▶ [Exercise details]: Find the line with "Keywords: person human" in the entries below, then output every line from it down to the line with "Умова завдання: Перевір, чи", exactly and with no pictures.

▶ [Input data]:
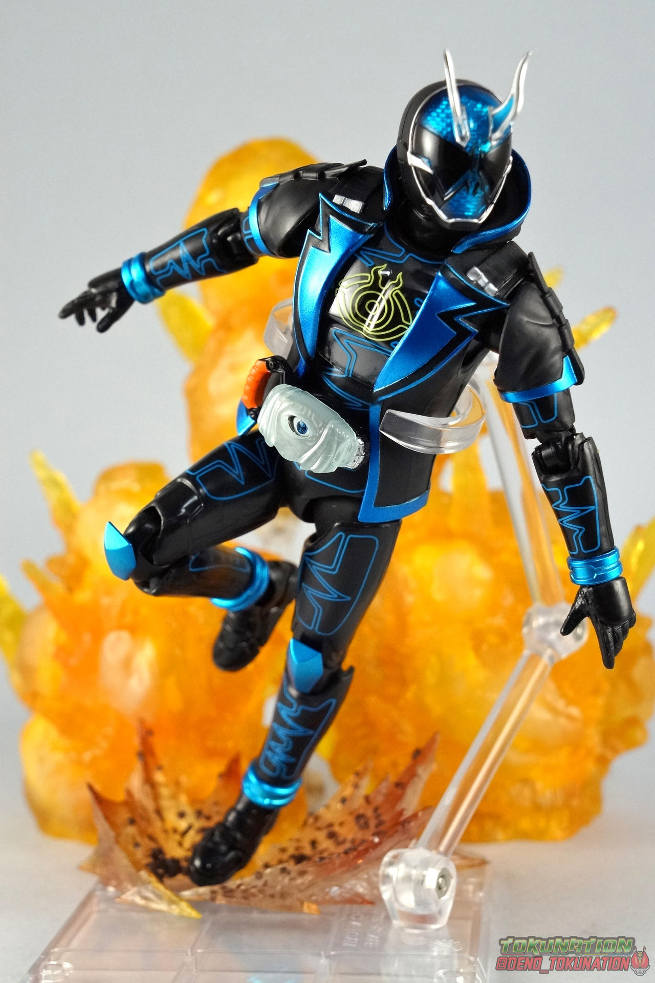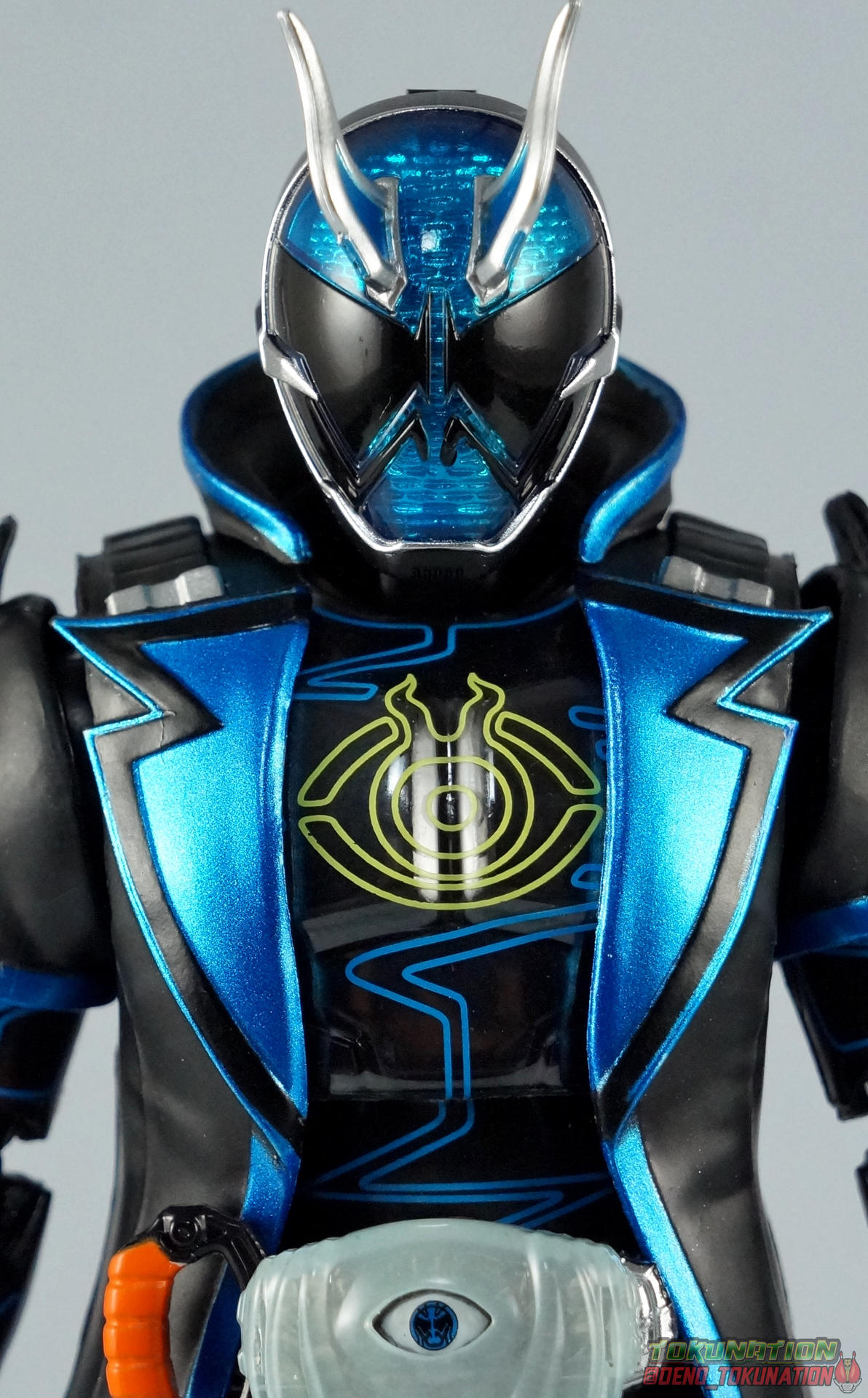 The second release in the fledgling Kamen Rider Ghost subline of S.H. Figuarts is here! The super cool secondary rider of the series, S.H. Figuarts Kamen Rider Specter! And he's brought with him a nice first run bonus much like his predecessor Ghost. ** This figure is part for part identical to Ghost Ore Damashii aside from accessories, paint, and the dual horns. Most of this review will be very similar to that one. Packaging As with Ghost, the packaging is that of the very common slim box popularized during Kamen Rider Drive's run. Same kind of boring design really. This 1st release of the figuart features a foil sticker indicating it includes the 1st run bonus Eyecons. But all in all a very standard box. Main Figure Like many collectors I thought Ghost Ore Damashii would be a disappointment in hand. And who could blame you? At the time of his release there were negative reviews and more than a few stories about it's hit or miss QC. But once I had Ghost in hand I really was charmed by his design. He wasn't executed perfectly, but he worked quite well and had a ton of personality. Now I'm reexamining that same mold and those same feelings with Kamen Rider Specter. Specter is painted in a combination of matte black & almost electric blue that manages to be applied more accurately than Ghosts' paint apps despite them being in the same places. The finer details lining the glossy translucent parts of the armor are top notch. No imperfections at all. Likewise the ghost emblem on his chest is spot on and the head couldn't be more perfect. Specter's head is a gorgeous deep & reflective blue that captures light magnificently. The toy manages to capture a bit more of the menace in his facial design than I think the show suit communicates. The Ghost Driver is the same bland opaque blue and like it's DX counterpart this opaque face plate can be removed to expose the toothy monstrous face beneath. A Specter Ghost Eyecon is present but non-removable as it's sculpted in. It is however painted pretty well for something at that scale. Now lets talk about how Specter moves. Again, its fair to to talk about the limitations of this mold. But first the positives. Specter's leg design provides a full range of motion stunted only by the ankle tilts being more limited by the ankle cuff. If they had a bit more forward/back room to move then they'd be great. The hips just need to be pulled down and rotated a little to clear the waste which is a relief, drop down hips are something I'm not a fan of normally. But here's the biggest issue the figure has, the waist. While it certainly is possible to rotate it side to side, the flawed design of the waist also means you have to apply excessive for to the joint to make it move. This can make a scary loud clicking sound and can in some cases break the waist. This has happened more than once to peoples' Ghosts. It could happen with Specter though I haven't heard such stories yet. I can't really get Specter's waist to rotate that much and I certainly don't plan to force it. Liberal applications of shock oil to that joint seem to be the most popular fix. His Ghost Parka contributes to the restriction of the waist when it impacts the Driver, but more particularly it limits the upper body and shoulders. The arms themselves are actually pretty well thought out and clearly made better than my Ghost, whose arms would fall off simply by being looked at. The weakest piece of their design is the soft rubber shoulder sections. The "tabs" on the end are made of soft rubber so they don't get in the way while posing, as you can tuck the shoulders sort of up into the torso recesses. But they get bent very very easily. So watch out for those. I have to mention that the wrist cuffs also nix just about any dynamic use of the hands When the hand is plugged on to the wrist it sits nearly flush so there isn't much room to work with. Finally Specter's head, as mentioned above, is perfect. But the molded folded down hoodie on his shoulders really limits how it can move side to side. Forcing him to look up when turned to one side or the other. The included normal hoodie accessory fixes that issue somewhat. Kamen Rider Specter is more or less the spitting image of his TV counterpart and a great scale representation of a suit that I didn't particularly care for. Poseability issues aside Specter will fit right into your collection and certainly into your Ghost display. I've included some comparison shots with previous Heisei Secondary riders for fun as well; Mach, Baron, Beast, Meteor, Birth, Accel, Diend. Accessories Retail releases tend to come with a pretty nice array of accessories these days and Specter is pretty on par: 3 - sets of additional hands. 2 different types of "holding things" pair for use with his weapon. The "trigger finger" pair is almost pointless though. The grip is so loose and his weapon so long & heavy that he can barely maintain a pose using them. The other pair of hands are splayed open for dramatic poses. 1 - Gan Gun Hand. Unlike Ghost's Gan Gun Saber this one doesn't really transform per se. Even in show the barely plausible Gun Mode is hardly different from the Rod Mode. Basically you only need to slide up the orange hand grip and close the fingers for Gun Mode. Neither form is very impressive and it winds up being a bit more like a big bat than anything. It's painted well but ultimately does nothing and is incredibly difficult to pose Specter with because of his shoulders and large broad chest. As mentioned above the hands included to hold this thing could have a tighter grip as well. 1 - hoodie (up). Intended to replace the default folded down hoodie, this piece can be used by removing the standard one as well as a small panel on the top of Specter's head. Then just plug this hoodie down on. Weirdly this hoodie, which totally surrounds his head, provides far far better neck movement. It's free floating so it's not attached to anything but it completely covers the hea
==
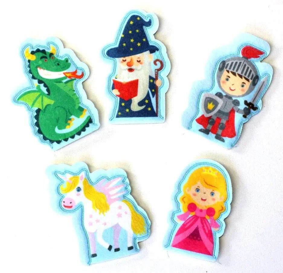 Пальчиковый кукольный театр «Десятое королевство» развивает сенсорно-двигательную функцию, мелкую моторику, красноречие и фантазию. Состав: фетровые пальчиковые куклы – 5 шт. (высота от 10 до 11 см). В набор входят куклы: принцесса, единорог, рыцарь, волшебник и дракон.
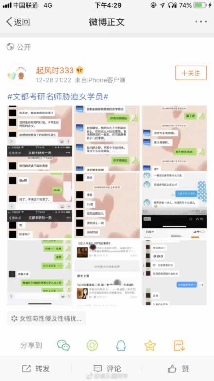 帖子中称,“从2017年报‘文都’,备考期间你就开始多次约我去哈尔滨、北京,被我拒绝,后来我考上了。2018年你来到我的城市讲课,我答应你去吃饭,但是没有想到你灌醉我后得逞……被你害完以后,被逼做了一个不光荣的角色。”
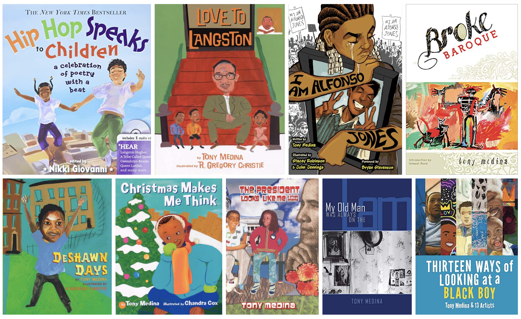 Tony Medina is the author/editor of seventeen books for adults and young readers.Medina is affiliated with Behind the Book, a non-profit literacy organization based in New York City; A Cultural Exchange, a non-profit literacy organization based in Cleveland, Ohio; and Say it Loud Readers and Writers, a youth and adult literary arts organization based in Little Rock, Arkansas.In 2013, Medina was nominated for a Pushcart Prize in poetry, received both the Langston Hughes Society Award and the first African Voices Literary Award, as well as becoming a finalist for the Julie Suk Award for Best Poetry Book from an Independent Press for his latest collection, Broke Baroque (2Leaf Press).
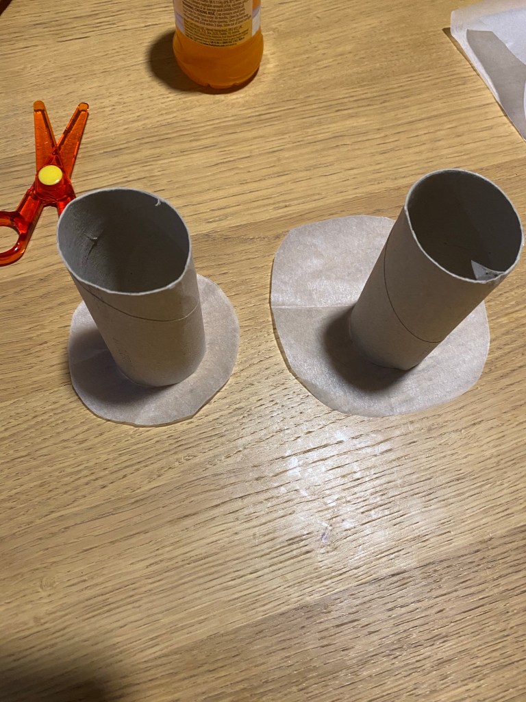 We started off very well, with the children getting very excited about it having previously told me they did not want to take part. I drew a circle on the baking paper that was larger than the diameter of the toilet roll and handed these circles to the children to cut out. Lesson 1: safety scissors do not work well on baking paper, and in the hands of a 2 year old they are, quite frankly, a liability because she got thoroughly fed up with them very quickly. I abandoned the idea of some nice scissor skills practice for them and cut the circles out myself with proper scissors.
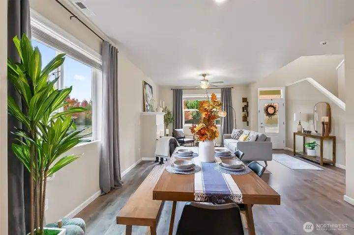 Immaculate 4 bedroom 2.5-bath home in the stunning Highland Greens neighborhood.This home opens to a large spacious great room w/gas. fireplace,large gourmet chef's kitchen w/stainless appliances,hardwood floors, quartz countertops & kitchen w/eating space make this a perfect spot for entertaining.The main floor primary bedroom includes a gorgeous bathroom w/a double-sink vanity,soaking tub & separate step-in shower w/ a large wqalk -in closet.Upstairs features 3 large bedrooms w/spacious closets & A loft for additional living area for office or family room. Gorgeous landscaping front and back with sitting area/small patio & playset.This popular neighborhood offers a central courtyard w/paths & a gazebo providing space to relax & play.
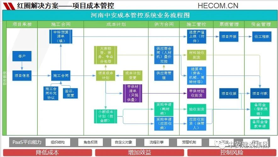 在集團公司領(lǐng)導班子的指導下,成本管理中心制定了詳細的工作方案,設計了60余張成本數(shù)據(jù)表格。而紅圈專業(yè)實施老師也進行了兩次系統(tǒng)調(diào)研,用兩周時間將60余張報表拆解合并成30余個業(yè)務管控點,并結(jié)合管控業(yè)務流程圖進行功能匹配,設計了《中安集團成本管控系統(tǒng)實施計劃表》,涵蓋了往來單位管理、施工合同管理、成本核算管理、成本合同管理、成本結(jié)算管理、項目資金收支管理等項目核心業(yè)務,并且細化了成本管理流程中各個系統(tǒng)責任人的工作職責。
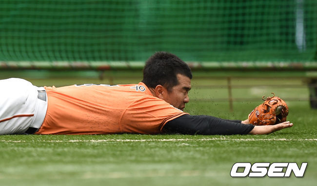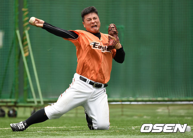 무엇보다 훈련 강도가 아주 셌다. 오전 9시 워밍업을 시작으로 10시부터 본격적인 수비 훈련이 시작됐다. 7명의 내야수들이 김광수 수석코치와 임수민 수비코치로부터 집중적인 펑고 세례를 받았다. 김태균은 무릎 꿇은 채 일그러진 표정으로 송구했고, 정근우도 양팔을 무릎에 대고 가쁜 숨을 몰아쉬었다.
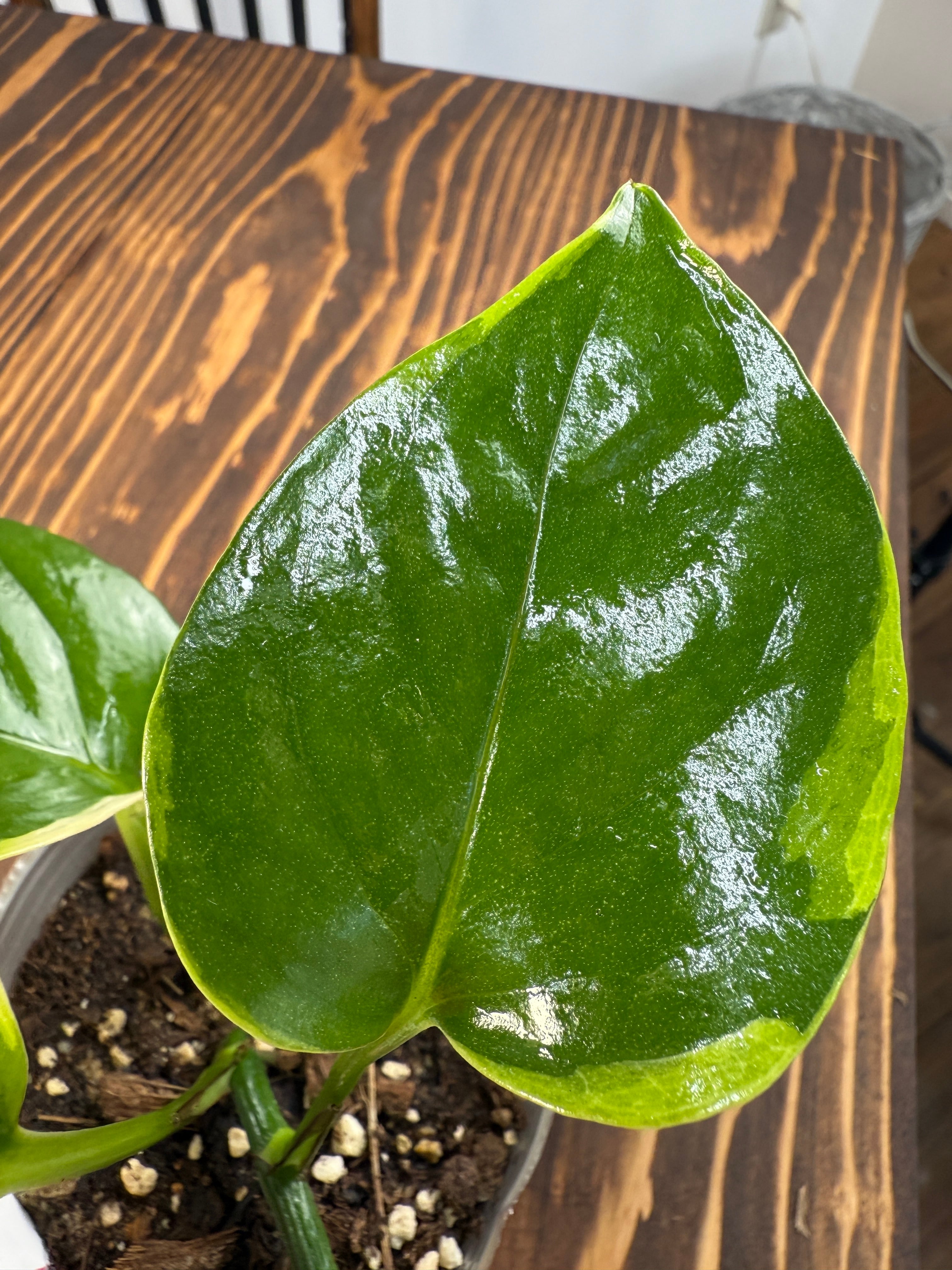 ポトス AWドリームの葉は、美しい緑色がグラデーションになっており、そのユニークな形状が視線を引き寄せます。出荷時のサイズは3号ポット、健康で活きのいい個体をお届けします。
* * *
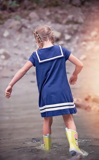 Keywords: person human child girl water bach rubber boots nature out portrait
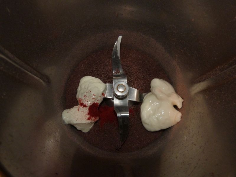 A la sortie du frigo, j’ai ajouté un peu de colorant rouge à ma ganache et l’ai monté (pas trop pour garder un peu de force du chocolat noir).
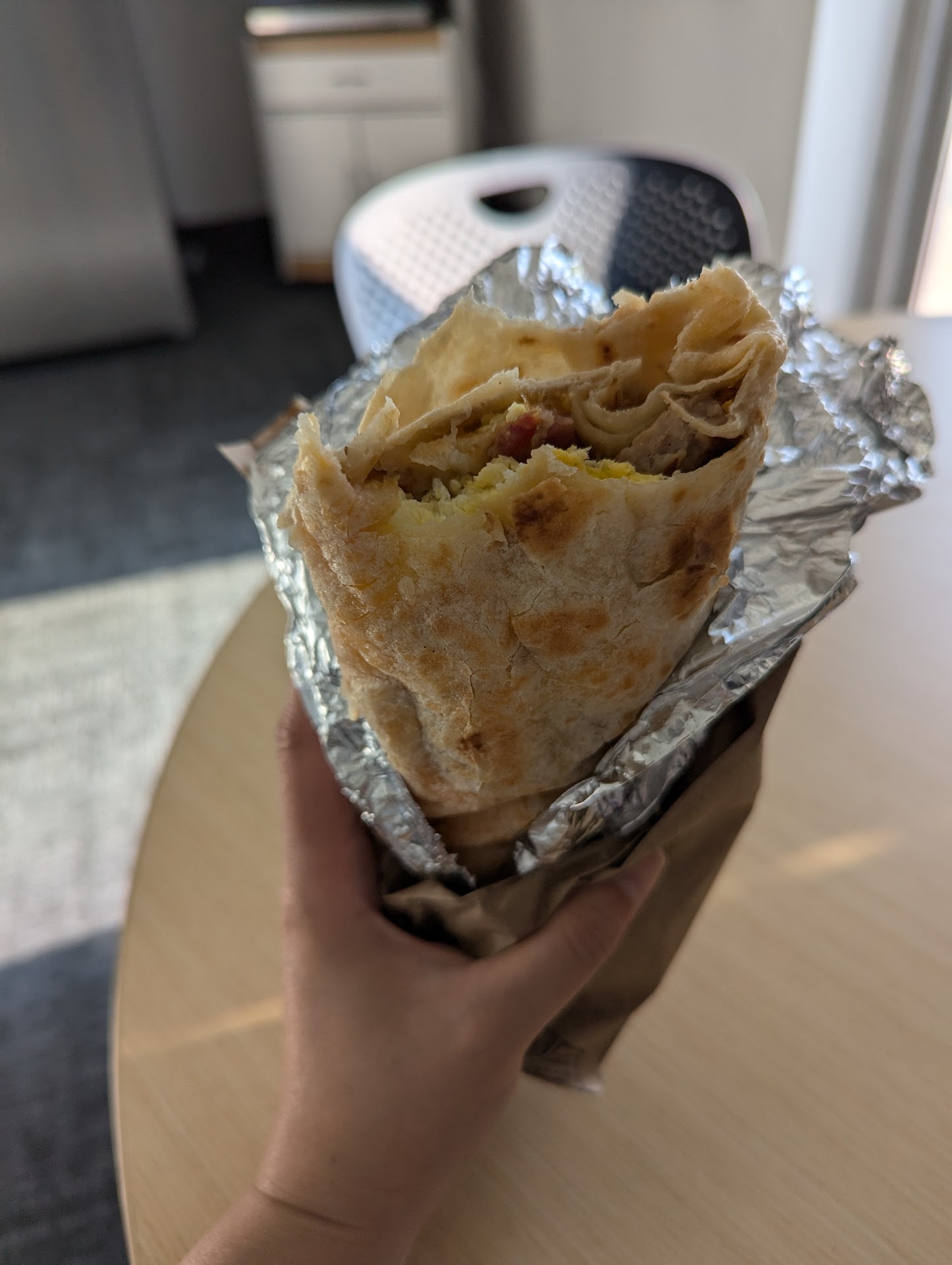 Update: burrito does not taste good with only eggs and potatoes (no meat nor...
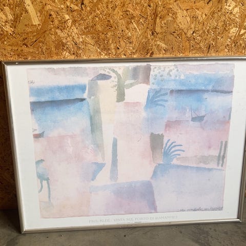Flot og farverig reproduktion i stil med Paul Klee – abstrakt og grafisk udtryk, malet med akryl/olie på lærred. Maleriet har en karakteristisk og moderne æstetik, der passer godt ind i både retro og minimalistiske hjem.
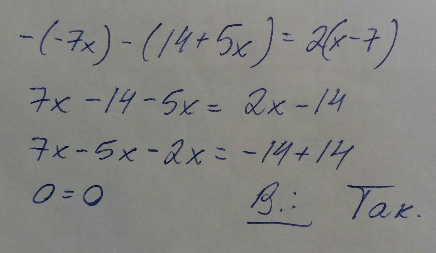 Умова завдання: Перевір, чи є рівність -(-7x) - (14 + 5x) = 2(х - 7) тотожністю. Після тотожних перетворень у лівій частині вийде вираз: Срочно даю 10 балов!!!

▶ [Answer to this problem]:
 Keywords: person human child girl water bach rubber boots nature out portrait
 A la sortie du frigo, j’ai ajouté un peu de colorant rouge à ma ganache et l’ai monté (pas trop pour garder un peu de force du chocolat noir).
 Update: burrito does not taste good with only eggs and potatoes (no meat nor...
Flot og farverig reproduktion i stil med Paul Klee – abstrakt og grafisk udtryk, malet med akryl/olie på lærred. Maleriet har en karakteristisk og moderne æstetik, der passer godt ind i både retro og minimalistiske hjem.
 Умова завдання: Перевір, чи є рівність -(-7x) - (14 + 5x) = 2(х - 7) тотожністю. Після тотожних перетворень у лівій частині вийде вираз: Срочно даю 10 балов!!!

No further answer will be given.